Manish Malhotra, Head of UK Public Services, Infosys, explores how the government can retain a human touch to its services as they go digital
During the pandemic, technology has provided millions of people with a lifeline, enabling them to continue working, socialising, and accessing the vital services they need. However, despite the range of benefits that digital services have provided so many of us, new research has found that while many people’s use of technology increased during this time, nothing quite compares to face-to-face human interaction.
As organisations across the world pursue and embrace digital transformation – efforts which have undoubtedly been accelerated by the pandemic – it’s important to consider how these services can retain a human feel while continuing to innovate and achieve efficiency goals.
According to Infosys’ recent report on the future of UK digital government services, eight in ten people accessed digital government services during the pandemic, demonstrating the reliance many citizens have on these services. Surprisingly, it was also found that those over the age of 54 were the most likely to communicate solely via digital means, making up 36% and challenging common misconceptions regarding digital service usage by age. A similarly significant 28% of respondents stated that while they mostly use digital services, they still prefer human interaction when it is available.

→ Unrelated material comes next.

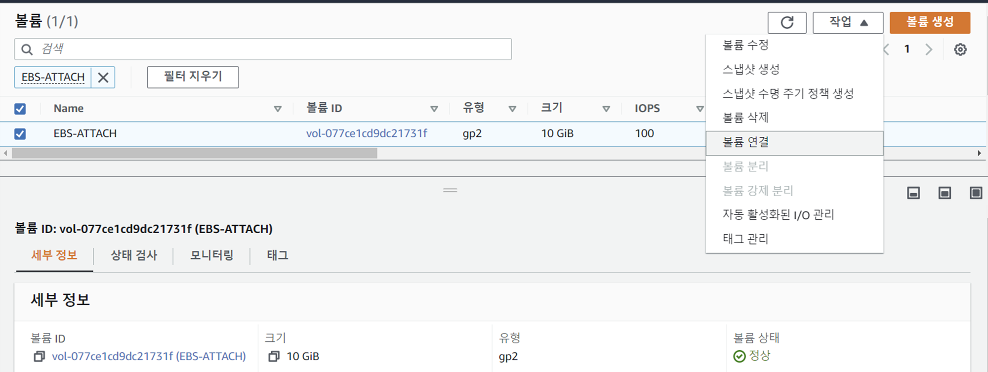 4. 볼륨 생성 확인 및 EC2에 부착을 위해 '볼륨 연결' 클릭
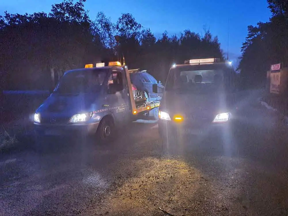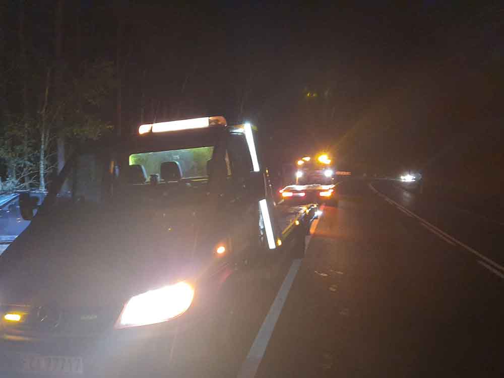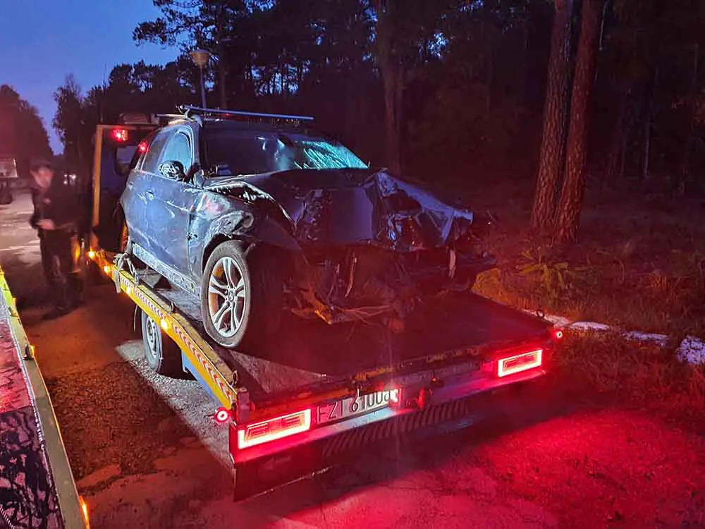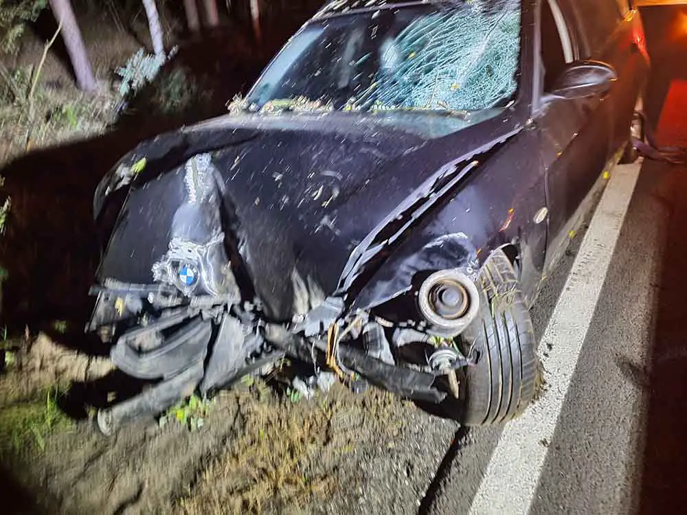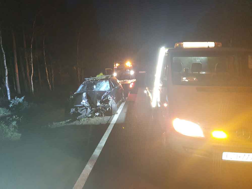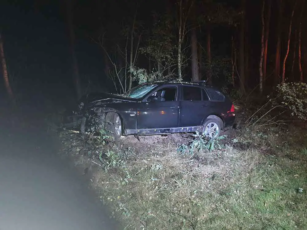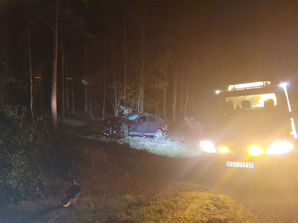 Kierujący bmw jechał w kierunku Zielonej Góry. Na niebezpiecznych zakrętach za Nowogrodem Bobrzańskim rozpędzone bmw wypadło z drogi. Samochód z dużą siłą uderzył w drzewa łamiąc je. Przód auta został kompletnie rozbity. Siła uderzenia była tak duża, że w bmw zostały oderwane koła. Kierowca mówił, że na drogę wybiegło mu leśne zwierzę. Chcąc uniknąć potrącenie zwierzęcia wypadł z drogi.

These insights highlight the role digital government services have played in people’s lives during the pandemic. As organisations seek to digitally transform further, or perhaps embark on their digital transformation journey for the first time, it’s clear that putting people at the core of every digital platform is essential, from the design stage, through to the live rollout of a digital service.
Empathy and AI
Importantly, only 4% of respondents stated that they would never consider using digital services, proving that there is widespread willingness to take a mixed approach. The findings showed that empathy is of massive importance to users, with 51% saying that it is important that the digital experiences they have feel human. A solution that is evolving to meet this requirement is conversational AI, which is becoming increasingly sophisticated.
AI-powered chatbots are beginning to demonstrate the technology’s effectiveness in user experience journeys, but we can expect conversational AI to become integral to universal interfaces. These interfaces will be specifically designed to handle query response in a dynamic way, enabling governments to create more accessible platforms.

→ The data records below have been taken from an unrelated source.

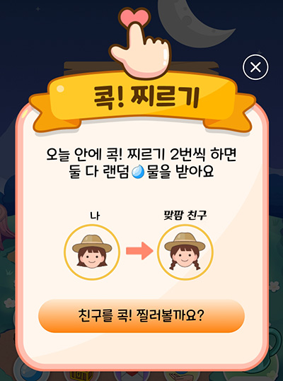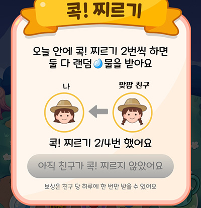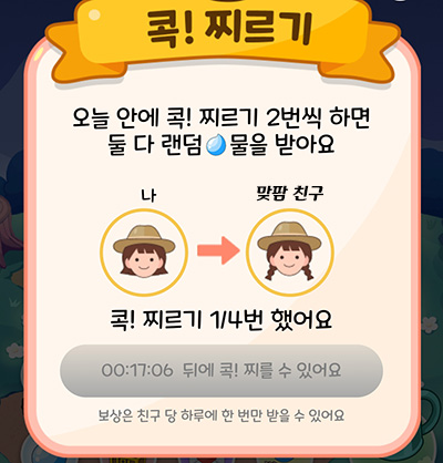 같은 친구랑은 하루에 한번 콕!찌르기 할 수 있습니다.
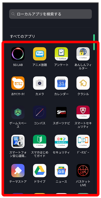 アプリドロワー画面が表示されます。
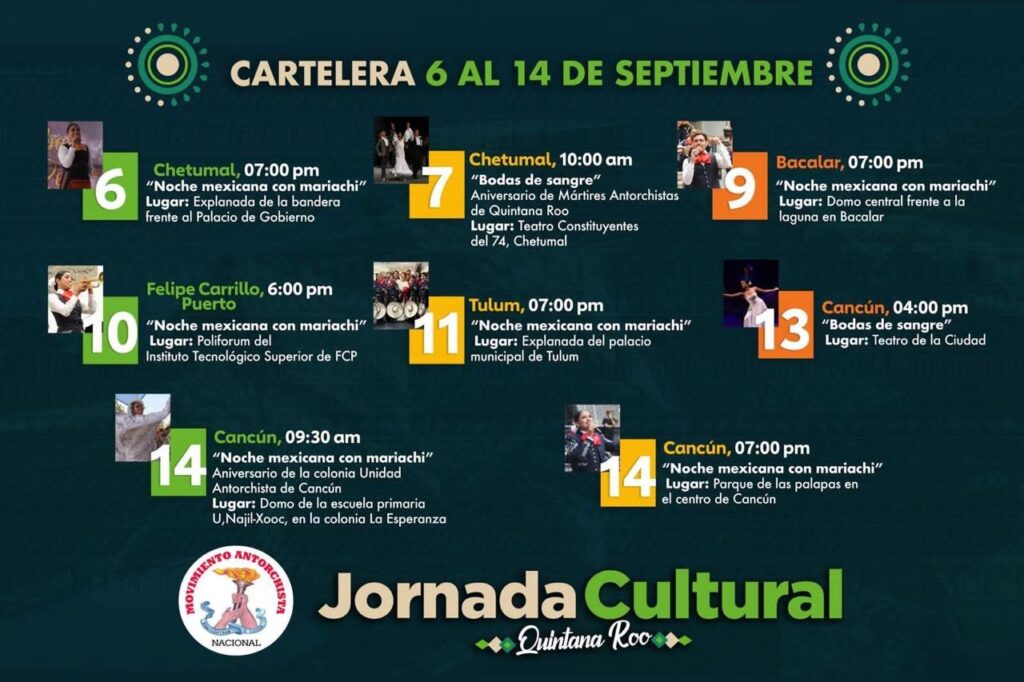 El primer evento se llevará a cabo este sábado 6 de septiembre en la Explanada de la bandera frente al Palacio de Gobierno de Chetumal, Quintana Roo, y en redes sociales podrán seguir la cobertura completa del evento, a través de la página en Facebook: Grupos Culturales Nacionales del Mov Antorchista
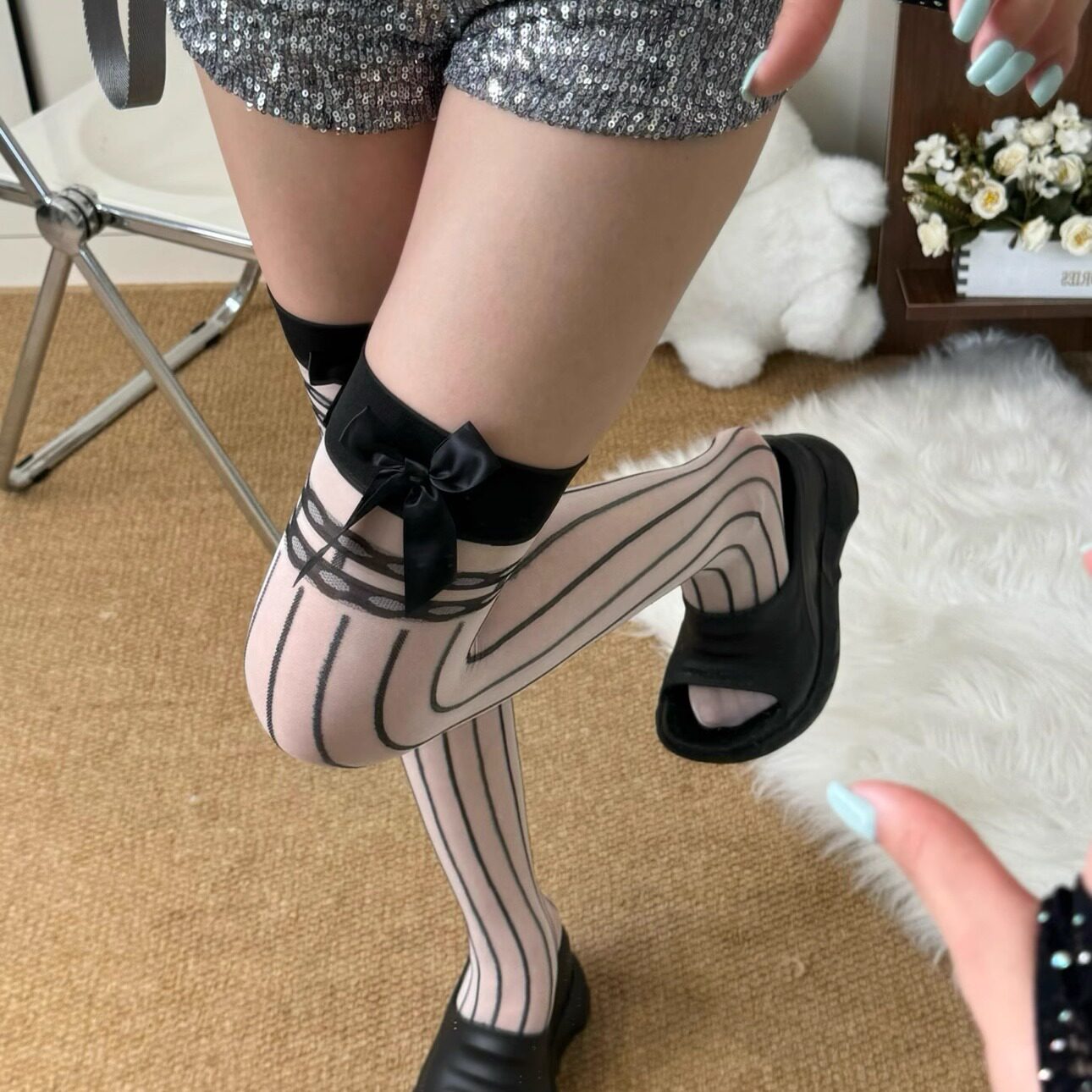 为您提供商品复古双色竖条纹显瘦古早辣妹千禧风穿搭过膝丝袜御姐风长筒袜 BON的详细介绍,

While AI cannot replace a human interaction, its ability to converse and exhibit knowledge in a “human-like” way holds great potential. Our research found that 71% of respondents appreciated a more interactive approach, meaning that an intelligent chatbot with empathetic traits and capabilities would likely be a successful solution.

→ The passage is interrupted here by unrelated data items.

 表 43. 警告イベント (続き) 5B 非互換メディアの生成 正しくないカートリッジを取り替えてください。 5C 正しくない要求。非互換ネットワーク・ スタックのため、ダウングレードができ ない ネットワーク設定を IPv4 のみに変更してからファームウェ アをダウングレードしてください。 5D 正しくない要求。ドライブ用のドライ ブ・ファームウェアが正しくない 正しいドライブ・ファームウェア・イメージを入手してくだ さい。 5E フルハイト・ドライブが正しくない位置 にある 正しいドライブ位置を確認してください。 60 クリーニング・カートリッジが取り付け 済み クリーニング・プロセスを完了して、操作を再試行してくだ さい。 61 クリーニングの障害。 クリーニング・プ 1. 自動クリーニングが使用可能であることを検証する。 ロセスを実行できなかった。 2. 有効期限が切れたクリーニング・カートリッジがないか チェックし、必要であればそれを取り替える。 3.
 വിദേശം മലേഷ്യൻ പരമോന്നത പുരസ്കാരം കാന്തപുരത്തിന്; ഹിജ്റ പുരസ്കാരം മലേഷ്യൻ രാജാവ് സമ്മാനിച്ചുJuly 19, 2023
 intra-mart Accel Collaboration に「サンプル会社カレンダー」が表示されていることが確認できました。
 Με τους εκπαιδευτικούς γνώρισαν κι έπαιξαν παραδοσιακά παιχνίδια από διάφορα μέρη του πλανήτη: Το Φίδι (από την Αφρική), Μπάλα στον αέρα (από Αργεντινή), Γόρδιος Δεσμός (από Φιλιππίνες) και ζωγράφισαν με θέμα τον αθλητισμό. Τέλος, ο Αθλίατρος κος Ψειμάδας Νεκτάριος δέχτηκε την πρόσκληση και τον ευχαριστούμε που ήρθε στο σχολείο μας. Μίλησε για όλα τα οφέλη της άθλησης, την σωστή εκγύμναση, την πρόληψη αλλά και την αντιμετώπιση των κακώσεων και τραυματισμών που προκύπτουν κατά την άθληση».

A conversational AI solution may also serve as a means of encouraging those who are currently reticent to engage with digital government services. The more “human” approach and the ability to raise queries in a natural way is an effective means of providing less tech-savvy users with confidence. Our research supports this perspective, with 83% of respondents believing that digital government services would appeal more to people with low digital skills if they were easier to use.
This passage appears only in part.